**REQUIRED ACTION**: Without any pictures, restate the full set of records below exactly.

**RECORDS FOR THE TASK**:
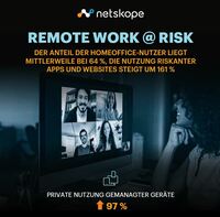 Die Grenzen zwischen der privaten und beruflichen Nutzung von gemanagten Geräten verschwimmen immer mehr: Im letzten halben Jahr hat sich als Folge der COVID-19-Pandemie die private Nutzung dieser Geräte verdoppelt. Dabei werden sie offensichtlich auch mit anderen geteilt und beispielsweise zum Homeschooling eingesetzt – mit potenziell gravierenden Folgen für die Sicherheit. Zu diesem Ergebnis kommt der neue Cloud and Threat Report des Cloud-Security-Spezialisten Netskope, in dem die wesentlichen Trends des ersten Halbjahrs 2020 zur Nutzung von Cloud-Diensten und -Apps in Unternehmen sowie zu Web- und Cloud-basierten Bedrohungen analysiert werden. Neben dem offensichtlichen Trend zum Homeoffice (Steigerung um 148 %) zeigt der Bericht auf der Grundlage anonymisierter Daten von Millionen von Benutzern weltweit auch, dass Angreifer weiterhin stark auf die Cloud als Angriffsvektor setzen.
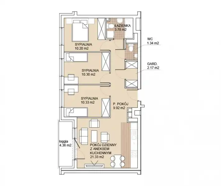Mieszkanie składa się z przestronnego pokoju dziennego z aneksem kuchennym, 3 sypialni,garderoby, przedpokoju, łazienki, wc oraz dodatkowo balkonu.
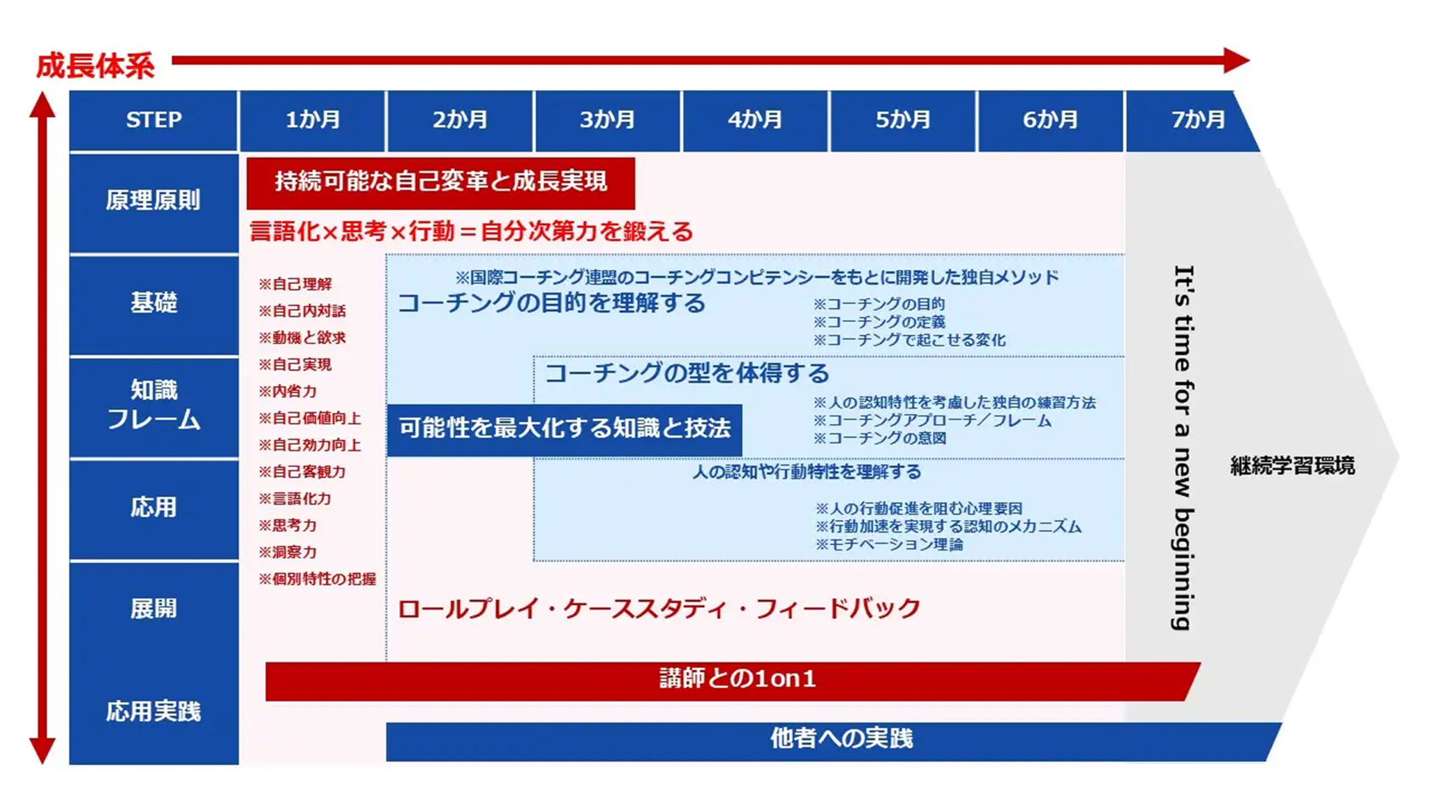 A. ICF Competency Modelの主要5項目で初級〜中級レベルを目指せます。独自コンピテンシー基準による
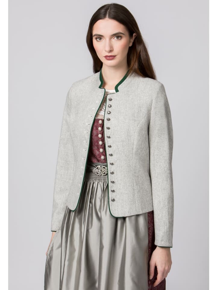 Традиционный жакет Элизабет от Heimatgwand. Куртка из высококачественной легкой ткани лоден создает женственный силуэт. Индивидуально подобранный крой с баской обеспечивает хорошую фигуру и его можно комбинировать разными способами. Классический двухцветный воротник-стойка и контрастная окантовка характеризуют этот традиционный «базовый образ» и делают его вашим постоянным спутником.
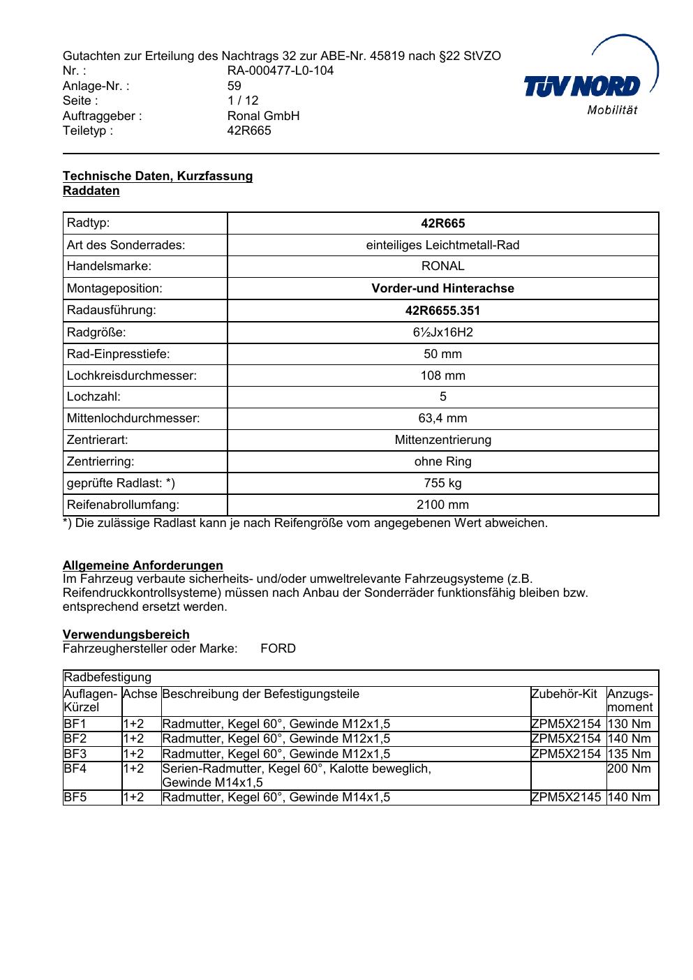 • Stimmt die KBA-Nummer auf der Felge mit diesem Dokument überein?
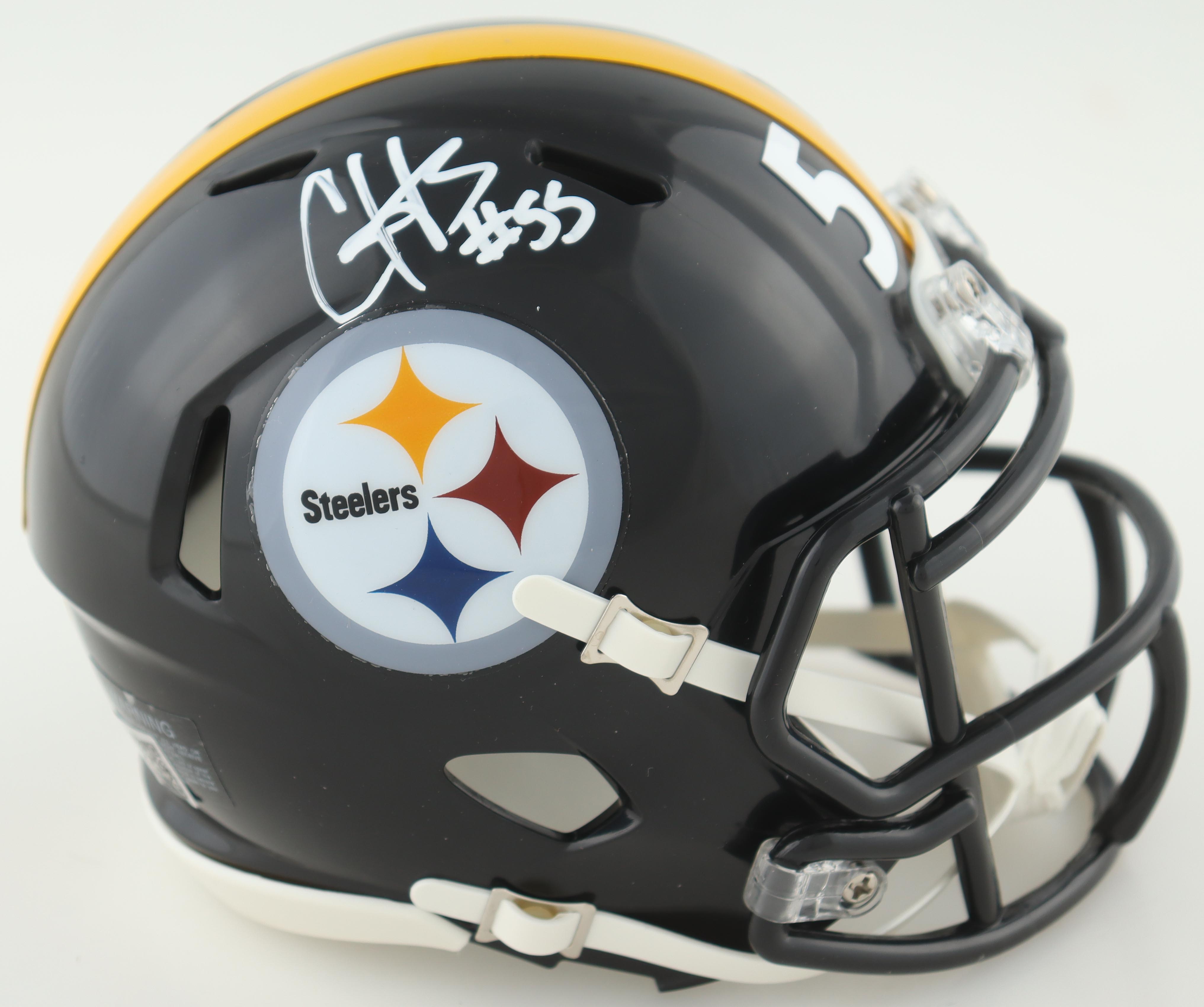 Riddell Pittsburgh Steelers speed mini helmet. Has been hand-signed by Cole Holcomb.
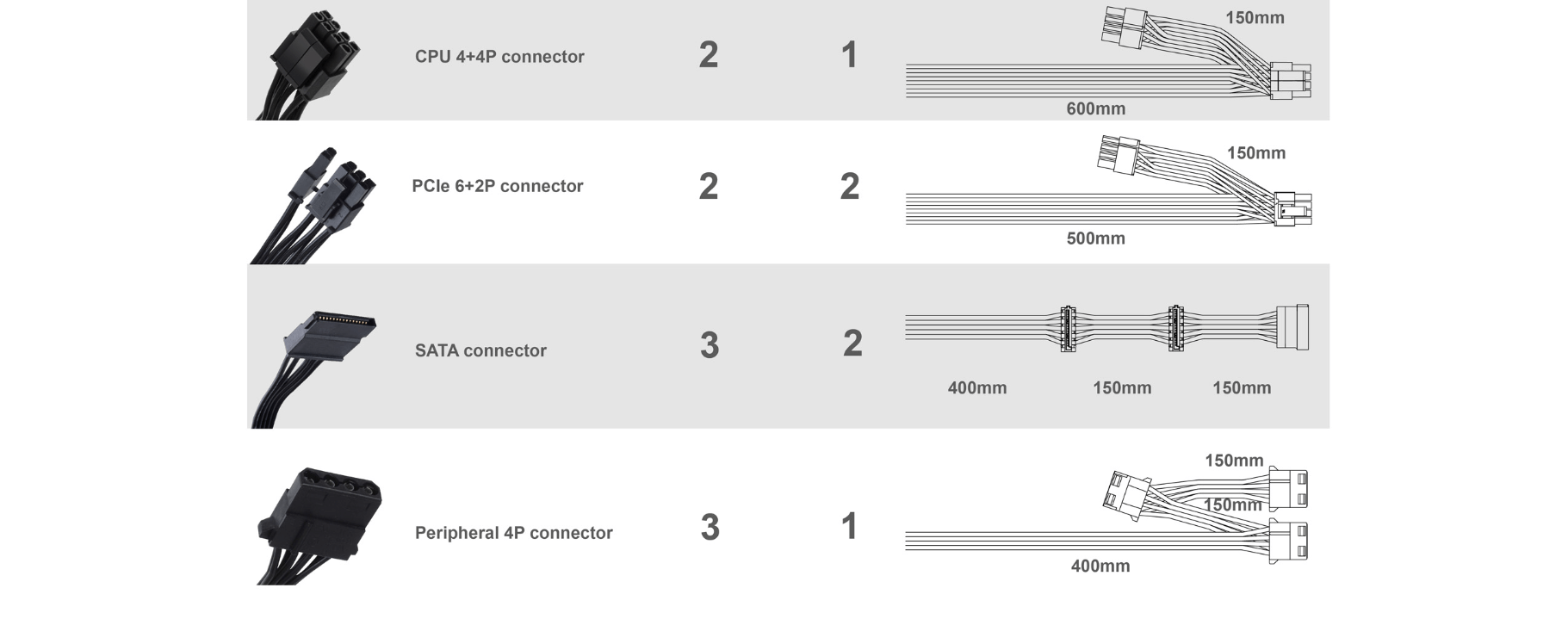 1 x 24 / 20-Pin motherboard connector 2 x 4-Pin + 4-Pin ATX 12V connector 4 x 8 / 6-Pin PCIe connector 6 x SATA connectors 3 x 4-Pin Peripheral connector |
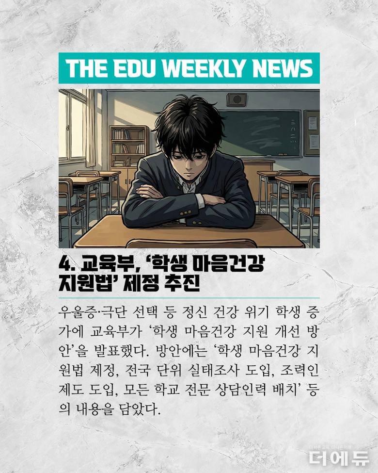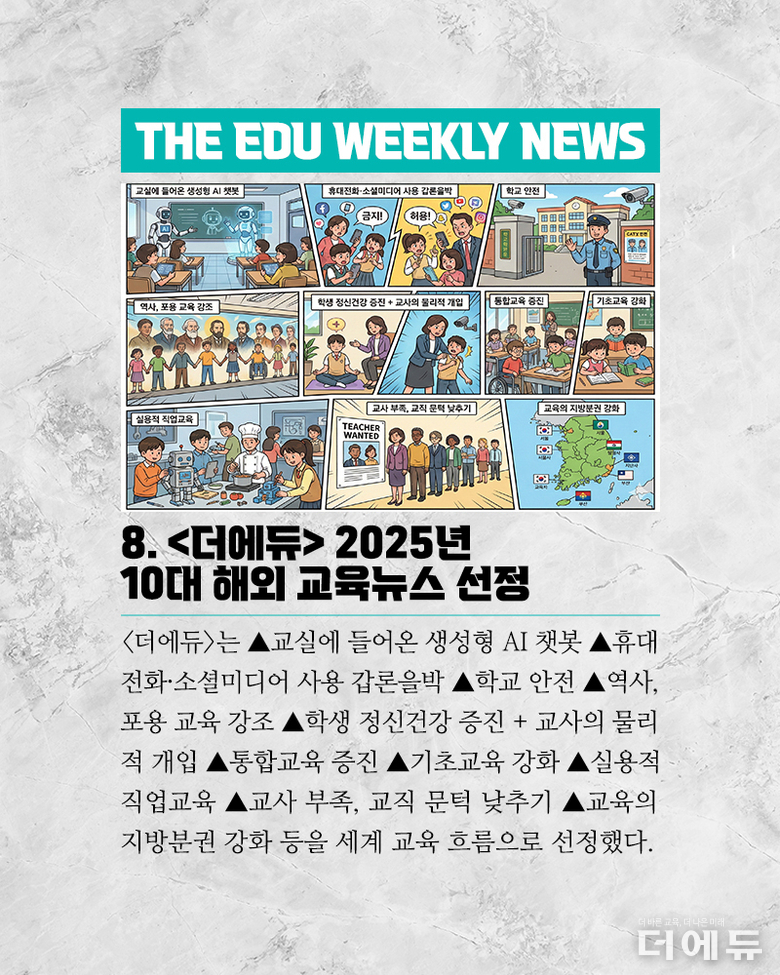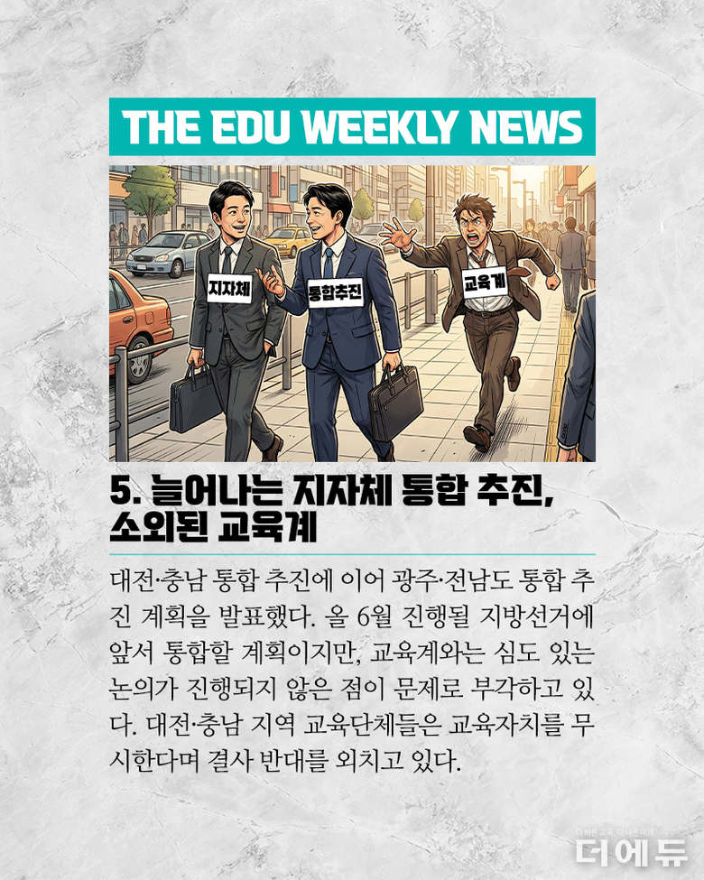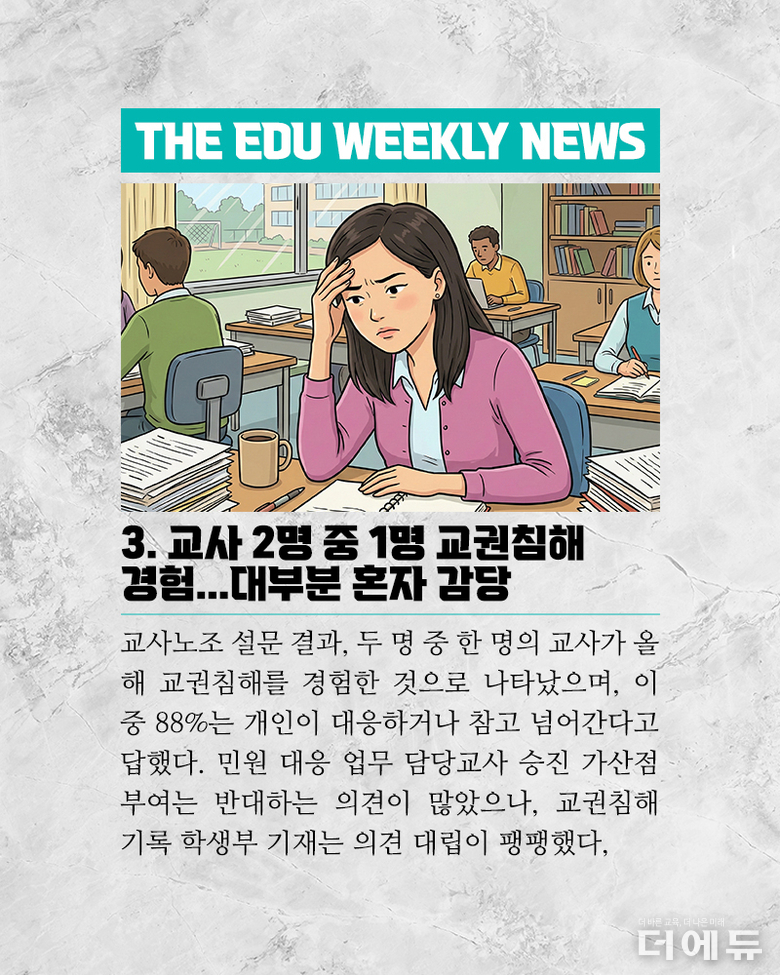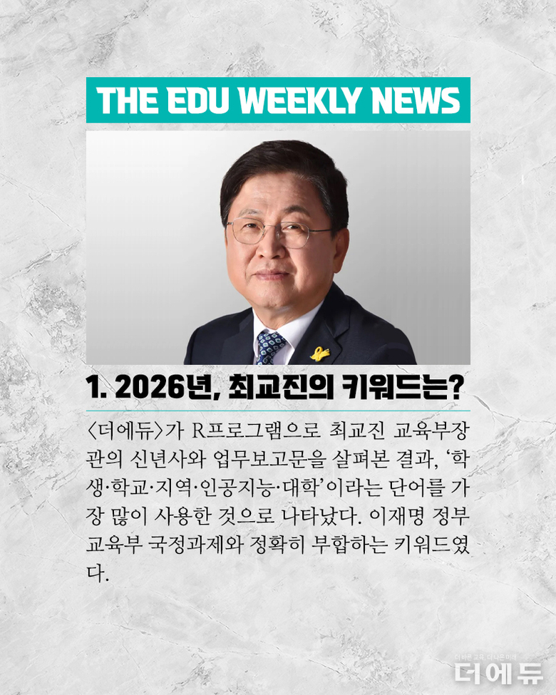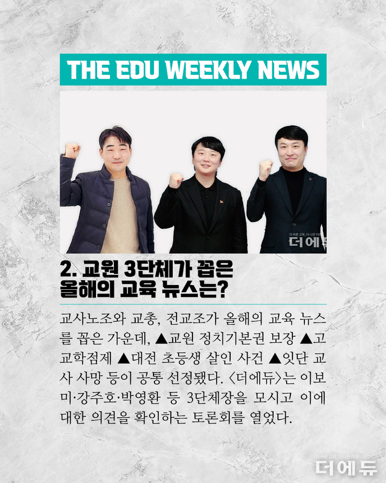 더에듀 지성배 기자 | 2025년, 어느덧 마무리의 시간이 다가왔다. 올해 대한민국에서는 정권 교체라는 큰 바람이 불었으며, 이에 따라 교육계에서는 교육부장관이 바뀌는 등 큰 변화의 시작점이 됐다. 그러나 교육은 백년지대계라는 말처럼, 이전 정부를 넘어 그 이전부터 진행한 정책에 대한 부작용 그리고 새로 시작한 정책의 현장 정합성 부족 또 내년 시행할 정책에 대한 논란 등 해소되는 문제 없이 쌓여가기만 하고 있다. 이에 더에듀는 이보미 교사노동조합연맹 위원장, 강주호 한국교원단체총연합회 회장, 박영환 전국교직원노동조합 위원장 등 교원3단체의 장을 모시고, 올해의 교육 이슈를 정리하고 내년에 주목해야 할 아젠다를 살펴보는 시간을 가졌다. 3단체장이 같은 장소에 모여 동일한 아젠다로 입장을 밝히는 것은 역사상 첫 사례이다. 이를 위해 더에듀는 각 단체에 올해의 교육뉴스 선정을 요청했으며, 이중 중첩되는 이슈 네 가지 ▲교원 정치기본권 보장 ▲고교학점제 ▲대전 초등생 살인 사건과 후속 대책 ▲잇단 교사 사망 사건을 토론 아젠다로 선정했다. 나머지 이슈들은 각 단체별로 정리해 더에듀 기사로 소개할 예정이다. 이번 영상은 전체 버전이다. 진행 : 지성배 더에듀 편집국

**WORKED SOLUTION**:
 Die Grenzen zwischen der privaten und beruflichen Nutzung von gemanagten Geräten verschwimmen immer mehr: Im letzten halben Jahr hat sich als Folge der COVID-19-Pandemie die private Nutzung dieser Geräte verdoppelt. Dabei werden sie offensichtlich auch mit anderen geteilt und beispielsweise zum Homeschooling eingesetzt – mit potenziell gravierenden Folgen für die Sicherheit. Zu diesem Ergebnis kommt der neue Cloud and Threat Report des Cloud-Security-Spezialisten Netskope, in dem die wesentlichen Trends des ersten Halbjahrs 2020 zur Nutzung von Cloud-Diensten und -Apps in Unternehmen sowie zu Web- und Cloud-basierten Bedrohungen analysiert werden. Neben dem offensichtlichen Trend zum Homeoffice (Steigerung um 148 %) zeigt der Bericht auf der Grundlage anonymisierter Daten von Millionen von Benutzern weltweit auch, dass Angreifer weiterhin stark auf die Cloud als Angriffsvektor setzen.
Mieszkanie składa się z przestronnego pokoju dziennego z aneksem kuchennym, 3 sypialni,garderoby, przedpokoju, łazienki, wc oraz dodatkowo balkonu.
 A. ICF Competency Modelの主要5項目で初級〜中級レベルを目指せます。独自コンピテンシー基準による
 Традиционный жакет Элизабет от Heimatgwand. Куртка из высококачественной легкой ткани лоден создает женственный силуэт. Индивидуально подобранный крой с баской обеспечивает хорошую фигуру и его можно комбинировать разными способами. Классический двухцветный воротник-стойка и контрастная окантовка характеризуют этот традиционный «базовый образ» и делают его вашим постоянным спутником.
 • Stimmt die KBA-Nummer auf der Felge mit diesem Dokument überein?
 Riddell Pittsburgh Steelers speed mini helmet. Has been hand-signed by Cole Holcomb.
 1 x 24 / 20-Pin motherboard connector 2 x 4-Pin + 4-Pin ATX 12V connector 4 x 8 / 6-Pin PCIe connector 6 x SATA connectors 3 x 4-Pin Peripheral connector |
 더에듀 지성배 기자 | 2025년, 어느덧 마무리의 시간이 다가왔다. 올해 대한민국에서는 정권 교체라는 큰 바람이 불었으며, 이에 따라 교육계에서는 교육부장관이 바뀌는 등 큰 변화의 시작점이 됐다. 그러나 교육은 백년지대계라는 말처럼, 이전 정부를 넘어 그 이전부터 진행한 정책에 대한 부작용 그리고 새로 시작한 정책의 현장 정합성 부족 또 내년 시행할 정책에 대한 논란 등 해소되는 문제 없이 쌓여가기만 하고 있다. 이에 더에듀는 이보미 교사노동조합연맹 위원장, 강주호 한국교원단체총연합회 회장, 박영환 전국교직원노동조합 위원장 등 교원3단체의 장을 모시고, 올해의 교육 이슈를 정리하고 내년에 주목해야 할 아젠다를 살펴보는 시간을 가졌다. 3단체장이 같은 장소에 모여 동일한 아젠다로 입장을 밝히는 것은 역사상 첫 사례이다. 이를 위해 더에듀는 각 단체에 올해의 교육뉴스 선정을 요청했으며, 이중 중첩되는 이슈 네 가지 ▲교원 정치기본권 보장 ▲고교학점제 ▲대전 초등생 살인 사건과 후속 대책 ▲잇단 교사 사망 사건을 토론 아젠다로 선정했다. 나머지 이슈들은 각 단체별로 정리해 더에듀 기사로 소개할 예정이다. 이번 영상은 전체 버전이다. 진행 : 지성배 더에듀 편집국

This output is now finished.